Facebook's Mobile Strategy Condensed Into 16 Minutes (Video)

Yesterday, in a session on ‘Mobile Communications 2.0’ at the Mobile World Congress in Barcelona, Facebook’s VP of User Growth, Mobile and International Expansion Chamath Palihapitiya shared the social networking giant’s current mobile strategy and its plans for the future.

It was in this session that the company for the first time talked about its latest product, Facebook Zero, which is essentially a stripped down, text-only version of the mobile website for the social networking service.

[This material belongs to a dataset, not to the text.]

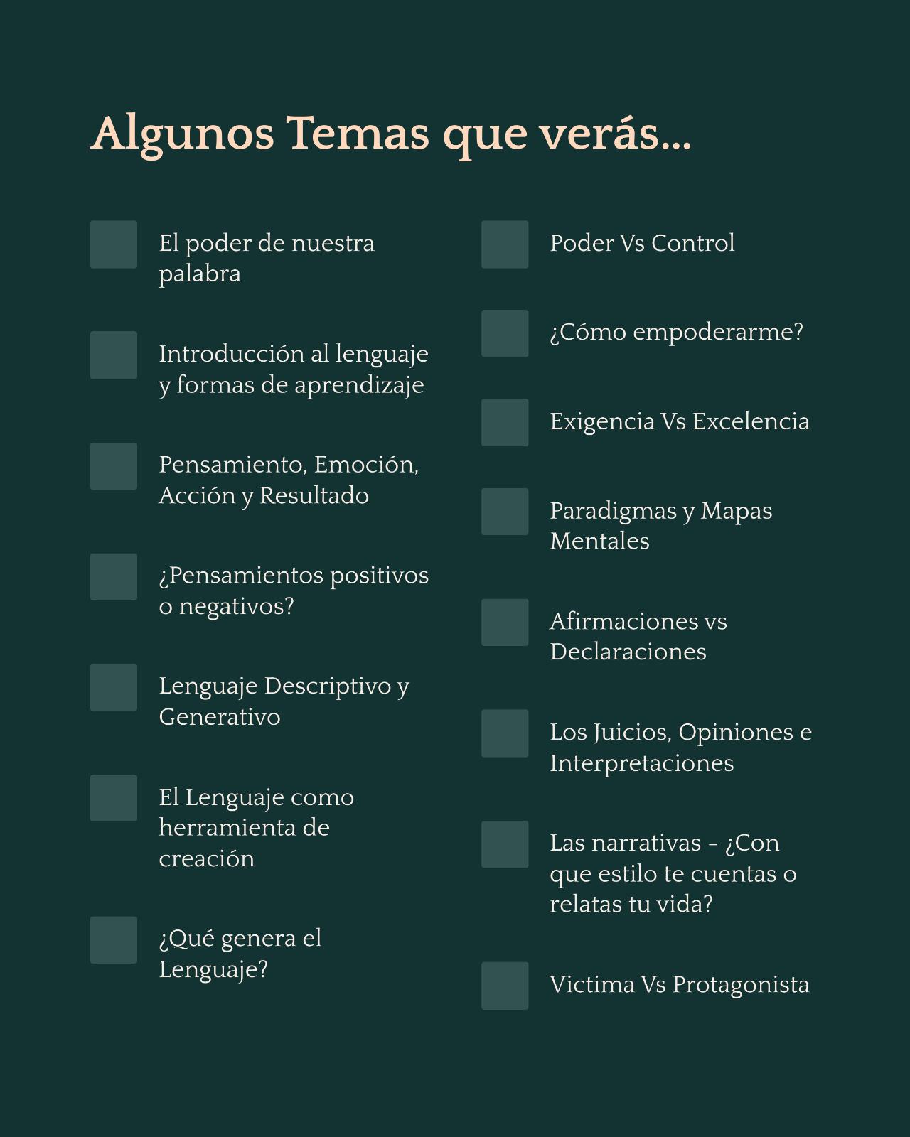 NO! NINGUNA! Este curso es para todos, no importa si no sabes nada de Coaching Ontológico o de Ontología del Lenguaje.
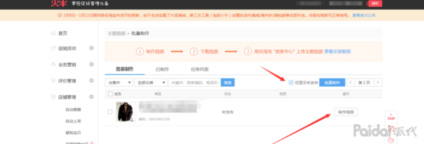 然后点击“仅显示未发布”找出没有主图视频的宝贝,然后点击“制作视频”进入视频制作页面。然后选择自己喜欢的特效点击制作,即可生成一个9秒的主图视频。

The product aims to give mobile carriers a way to offer a basic Facebook experience to their subscribers free of charge and later convert those users into premium data service customers.

We recorded the entire 16-minute session and uploaded it to our YouTube account – these are the highlights of the presentation:

– Facebook believes 2010 will be a watershed year for mobile
– The service is now actively used by more than 400 million people
– They want to make Facebook even more ubiquitous and reach billions of users
100 million users (25% of total number of users) actively uses Facebook’s mobile products at least once a month
200 million people have interacted with Facebook on mobile at least once

– Over the next 5 to 10 years, Facebook aims to invest heavily in expanding mobile experiences for their users; they expect a lot more growth in this area
– Facebook now works together with some 200 mobile operators – and they are striving to convince more about the added value of such partnerships
– Mobile users demonstrate twice as much engagement than Web users (2x the pageviews, interactions, consumptions and productions)
– They use the above as an argument to convince operators services like Facebook can help drive more sales for more capable phones and heavier data plans
– Facebook is traditionally strong in English-speaking countries, but that’s not all – for example, every single user in Indonesia apparently uses Facebook’s mobile products

– There are 3 key themes to Facebook’s mobile strategy:
* MOBILE WEBSITE: two versions, one for regular phones and one for touch-screen enabled phones – these have now been translated into 70+ languages, covering about 98% of the world population.
* SMS: interactions through Facebook using shortcodes – so far there are deals with 80 operators in 32 countries
* DEVICES: applications or ‘integrated experiences’, which means Facebook intends to hook its service deeper into the core OS handsets run on

– New developments:
* VODAFONE UK TRIAL: the carrier offered Facebook mobile free of charge for a week, which not only caused an expected usage spike, but also resulted in an increase of 20% of people who kept using and paying for heavier data plans after the trial
* FACEBOOK ZERO: stripped down, text-only version of Facebook’s mobile website – carriers can offer this free of charge for as long as they like, and attempt to transition users to a charged model at a later stage more effectively

– Facebook aims to turn FB Connect into a ‘foundational element’ of the web, whether accessed on mobile phones or not.
– In the future, Facebook Connect should become more of a core integration both on an OEM, app and OS level (naming iPhone, RIM, Windows Mobile and Android as examples)
– Facebook intends to play a more important role in the app developers ecosystem
– The company stressed that their goal is to keep pushing the envelope for users, operators, device manufacturers and developers.